● DATASET SECTION

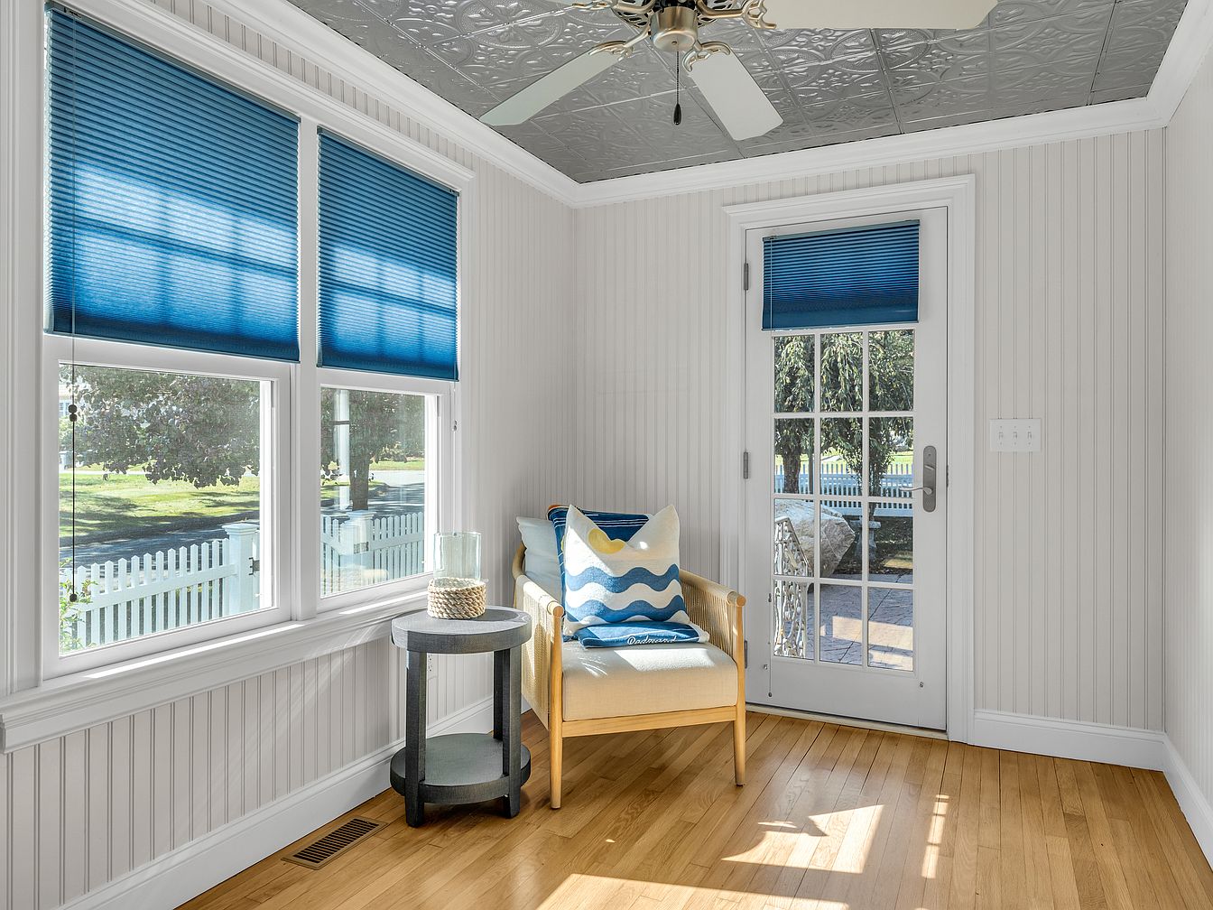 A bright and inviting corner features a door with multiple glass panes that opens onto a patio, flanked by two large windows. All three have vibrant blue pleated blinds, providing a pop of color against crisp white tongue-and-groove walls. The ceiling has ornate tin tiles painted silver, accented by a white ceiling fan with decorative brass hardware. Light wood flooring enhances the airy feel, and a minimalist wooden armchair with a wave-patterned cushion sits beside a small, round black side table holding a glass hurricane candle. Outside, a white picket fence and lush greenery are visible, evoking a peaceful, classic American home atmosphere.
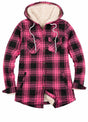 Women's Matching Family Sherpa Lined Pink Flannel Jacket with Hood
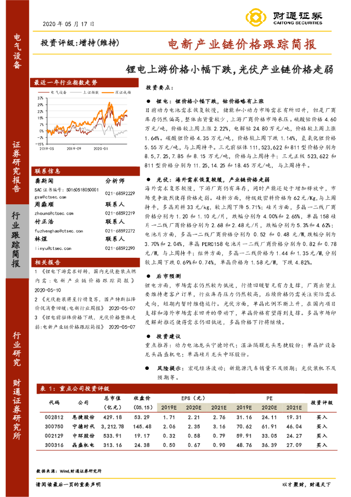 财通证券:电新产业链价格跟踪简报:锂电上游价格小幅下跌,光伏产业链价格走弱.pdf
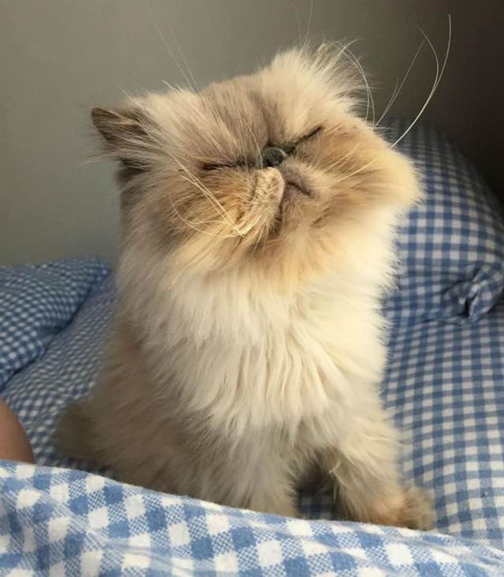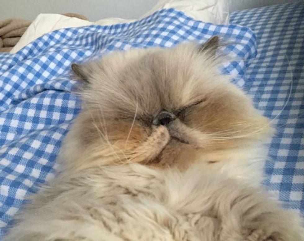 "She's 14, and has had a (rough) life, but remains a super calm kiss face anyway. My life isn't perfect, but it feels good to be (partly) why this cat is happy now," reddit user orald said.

● WHAT TO PRODUCE
In the answer, give only the lines from the top of the data above through the line with "财通证券:电新产业链价格跟踪", reproduced exactly; no picture may appear.

● SOLUTION FOR THIS EXERCISE
 A bright and inviting corner features a door with multiple glass panes that opens onto a patio, flanked by two large windows. All three have vibrant blue pleated blinds, providing a pop of color against crisp white tongue-and-groove walls. The ceiling has ornate tin tiles painted silver, accented by a white ceiling fan with decorative brass hardware. Light wood flooring enhances the airy feel, and a minimalist wooden armchair with a wave-patterned cushion sits beside a small, round black side table holding a glass hurricane candle. Outside, a white picket fence and lush greenery are visible, evoking a peaceful, classic American home atmosphere.
 Women's Matching Family Sherpa Lined Pink Flannel Jacket with Hood
 财通证券:电新产业链价格跟踪简报:锂电上游价格小幅下跌,光伏产业链价格走弱.pdf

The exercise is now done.